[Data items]
*** Begin section ***

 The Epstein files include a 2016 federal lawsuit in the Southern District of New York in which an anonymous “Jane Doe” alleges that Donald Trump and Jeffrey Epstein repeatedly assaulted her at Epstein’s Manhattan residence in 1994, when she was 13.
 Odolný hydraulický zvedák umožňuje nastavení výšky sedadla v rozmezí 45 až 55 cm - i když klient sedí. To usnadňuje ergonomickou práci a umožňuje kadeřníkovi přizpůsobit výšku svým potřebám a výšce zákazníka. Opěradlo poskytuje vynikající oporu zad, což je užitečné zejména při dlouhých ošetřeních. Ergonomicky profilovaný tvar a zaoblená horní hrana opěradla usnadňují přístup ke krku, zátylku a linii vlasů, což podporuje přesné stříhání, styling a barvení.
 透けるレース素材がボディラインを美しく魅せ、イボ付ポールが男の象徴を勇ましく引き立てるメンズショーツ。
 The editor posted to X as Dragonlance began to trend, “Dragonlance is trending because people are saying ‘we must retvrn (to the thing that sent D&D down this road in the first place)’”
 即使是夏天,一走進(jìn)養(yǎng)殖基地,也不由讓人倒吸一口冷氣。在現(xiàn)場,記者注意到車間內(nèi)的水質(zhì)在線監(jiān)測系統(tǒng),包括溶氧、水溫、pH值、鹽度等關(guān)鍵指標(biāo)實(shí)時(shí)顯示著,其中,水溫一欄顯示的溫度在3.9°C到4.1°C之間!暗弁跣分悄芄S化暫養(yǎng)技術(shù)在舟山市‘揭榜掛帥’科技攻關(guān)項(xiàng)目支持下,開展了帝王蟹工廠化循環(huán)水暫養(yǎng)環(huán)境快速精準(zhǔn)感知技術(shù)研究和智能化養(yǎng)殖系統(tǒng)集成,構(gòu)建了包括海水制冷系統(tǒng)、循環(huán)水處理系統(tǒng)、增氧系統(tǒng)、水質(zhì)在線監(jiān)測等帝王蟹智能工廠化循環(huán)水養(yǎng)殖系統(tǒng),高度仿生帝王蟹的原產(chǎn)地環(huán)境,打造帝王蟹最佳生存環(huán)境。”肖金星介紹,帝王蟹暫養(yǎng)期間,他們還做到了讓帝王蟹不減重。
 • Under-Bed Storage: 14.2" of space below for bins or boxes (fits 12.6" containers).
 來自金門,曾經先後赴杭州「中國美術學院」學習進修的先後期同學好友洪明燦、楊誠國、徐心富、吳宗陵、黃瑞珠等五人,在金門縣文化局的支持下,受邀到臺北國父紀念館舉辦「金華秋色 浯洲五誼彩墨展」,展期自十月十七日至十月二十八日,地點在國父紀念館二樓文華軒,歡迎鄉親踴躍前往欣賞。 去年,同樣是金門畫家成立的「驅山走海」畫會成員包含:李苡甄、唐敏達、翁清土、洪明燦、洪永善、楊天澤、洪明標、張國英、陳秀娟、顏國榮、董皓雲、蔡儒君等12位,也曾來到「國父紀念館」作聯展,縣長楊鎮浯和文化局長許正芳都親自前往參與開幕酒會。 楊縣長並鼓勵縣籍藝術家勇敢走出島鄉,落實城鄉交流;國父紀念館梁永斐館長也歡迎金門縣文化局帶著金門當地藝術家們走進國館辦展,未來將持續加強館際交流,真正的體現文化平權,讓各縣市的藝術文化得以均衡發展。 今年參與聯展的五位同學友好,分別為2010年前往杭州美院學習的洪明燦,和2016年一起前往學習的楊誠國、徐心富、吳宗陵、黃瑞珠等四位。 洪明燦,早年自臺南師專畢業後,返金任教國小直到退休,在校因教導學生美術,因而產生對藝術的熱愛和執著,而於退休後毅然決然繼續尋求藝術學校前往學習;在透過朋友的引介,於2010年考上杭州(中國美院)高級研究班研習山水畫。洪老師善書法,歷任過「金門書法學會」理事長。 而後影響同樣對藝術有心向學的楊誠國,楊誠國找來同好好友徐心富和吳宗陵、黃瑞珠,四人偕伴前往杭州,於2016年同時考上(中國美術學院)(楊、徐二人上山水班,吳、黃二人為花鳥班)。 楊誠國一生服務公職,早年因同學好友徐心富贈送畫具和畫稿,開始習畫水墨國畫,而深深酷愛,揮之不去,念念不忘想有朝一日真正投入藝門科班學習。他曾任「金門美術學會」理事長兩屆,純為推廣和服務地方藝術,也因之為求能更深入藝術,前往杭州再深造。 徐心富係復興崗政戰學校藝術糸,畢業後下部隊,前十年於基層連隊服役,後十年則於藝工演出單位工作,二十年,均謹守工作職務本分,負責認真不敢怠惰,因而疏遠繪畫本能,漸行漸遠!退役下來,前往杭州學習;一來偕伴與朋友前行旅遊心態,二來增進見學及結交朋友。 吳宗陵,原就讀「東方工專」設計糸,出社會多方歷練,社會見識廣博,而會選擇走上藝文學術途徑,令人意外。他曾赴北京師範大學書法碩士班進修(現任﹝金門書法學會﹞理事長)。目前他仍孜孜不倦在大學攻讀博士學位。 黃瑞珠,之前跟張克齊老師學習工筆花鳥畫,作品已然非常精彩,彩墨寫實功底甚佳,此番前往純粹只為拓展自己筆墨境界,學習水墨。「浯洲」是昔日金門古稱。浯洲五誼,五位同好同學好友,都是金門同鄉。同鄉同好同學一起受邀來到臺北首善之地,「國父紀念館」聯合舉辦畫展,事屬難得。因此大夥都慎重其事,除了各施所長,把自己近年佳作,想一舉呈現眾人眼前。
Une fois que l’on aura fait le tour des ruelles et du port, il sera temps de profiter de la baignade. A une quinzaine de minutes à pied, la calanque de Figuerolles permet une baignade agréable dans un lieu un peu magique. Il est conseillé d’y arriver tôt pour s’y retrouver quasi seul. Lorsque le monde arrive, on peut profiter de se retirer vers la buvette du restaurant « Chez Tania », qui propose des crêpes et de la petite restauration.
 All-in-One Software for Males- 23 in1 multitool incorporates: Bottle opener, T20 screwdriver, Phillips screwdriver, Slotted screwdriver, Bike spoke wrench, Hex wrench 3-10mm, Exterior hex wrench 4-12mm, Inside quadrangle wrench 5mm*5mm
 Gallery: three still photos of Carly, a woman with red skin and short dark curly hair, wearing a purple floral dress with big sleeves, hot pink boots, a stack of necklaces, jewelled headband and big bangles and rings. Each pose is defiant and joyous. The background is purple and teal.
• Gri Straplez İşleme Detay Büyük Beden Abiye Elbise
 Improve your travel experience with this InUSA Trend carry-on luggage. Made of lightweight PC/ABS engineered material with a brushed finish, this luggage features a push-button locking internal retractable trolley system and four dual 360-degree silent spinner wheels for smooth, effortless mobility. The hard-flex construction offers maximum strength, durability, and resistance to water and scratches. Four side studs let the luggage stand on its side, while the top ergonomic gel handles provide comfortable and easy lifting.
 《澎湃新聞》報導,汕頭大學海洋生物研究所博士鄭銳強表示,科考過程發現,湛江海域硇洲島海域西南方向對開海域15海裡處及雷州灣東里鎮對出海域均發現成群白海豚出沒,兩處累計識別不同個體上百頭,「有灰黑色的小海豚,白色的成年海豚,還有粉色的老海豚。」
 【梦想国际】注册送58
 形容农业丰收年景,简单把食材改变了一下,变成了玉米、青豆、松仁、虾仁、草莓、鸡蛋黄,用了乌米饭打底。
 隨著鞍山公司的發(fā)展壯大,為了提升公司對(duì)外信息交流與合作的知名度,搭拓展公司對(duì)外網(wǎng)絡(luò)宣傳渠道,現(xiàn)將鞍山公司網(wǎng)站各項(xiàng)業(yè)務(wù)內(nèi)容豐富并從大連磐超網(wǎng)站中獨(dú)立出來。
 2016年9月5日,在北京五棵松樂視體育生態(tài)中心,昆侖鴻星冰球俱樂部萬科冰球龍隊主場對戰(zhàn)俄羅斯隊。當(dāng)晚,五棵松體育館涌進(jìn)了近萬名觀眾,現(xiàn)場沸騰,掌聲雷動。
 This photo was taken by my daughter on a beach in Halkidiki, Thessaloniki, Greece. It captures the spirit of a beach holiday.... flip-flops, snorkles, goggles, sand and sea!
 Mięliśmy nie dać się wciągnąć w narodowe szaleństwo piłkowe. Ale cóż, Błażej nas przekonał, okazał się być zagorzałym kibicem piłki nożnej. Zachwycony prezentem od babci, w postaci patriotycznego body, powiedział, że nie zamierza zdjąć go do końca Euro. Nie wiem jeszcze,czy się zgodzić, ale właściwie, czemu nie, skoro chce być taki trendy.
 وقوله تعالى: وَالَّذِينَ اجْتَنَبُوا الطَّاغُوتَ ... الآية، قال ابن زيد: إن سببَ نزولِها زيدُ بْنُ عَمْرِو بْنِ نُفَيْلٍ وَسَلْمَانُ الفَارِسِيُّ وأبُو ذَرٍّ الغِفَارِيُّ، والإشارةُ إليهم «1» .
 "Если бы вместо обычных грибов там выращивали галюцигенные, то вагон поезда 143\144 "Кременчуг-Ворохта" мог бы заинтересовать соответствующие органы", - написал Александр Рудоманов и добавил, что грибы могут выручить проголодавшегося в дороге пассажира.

*** End section ***

Instructions for the task » What is the number of lines above that hold the word "xiàng"? Answer with that number alone.

Solution » 2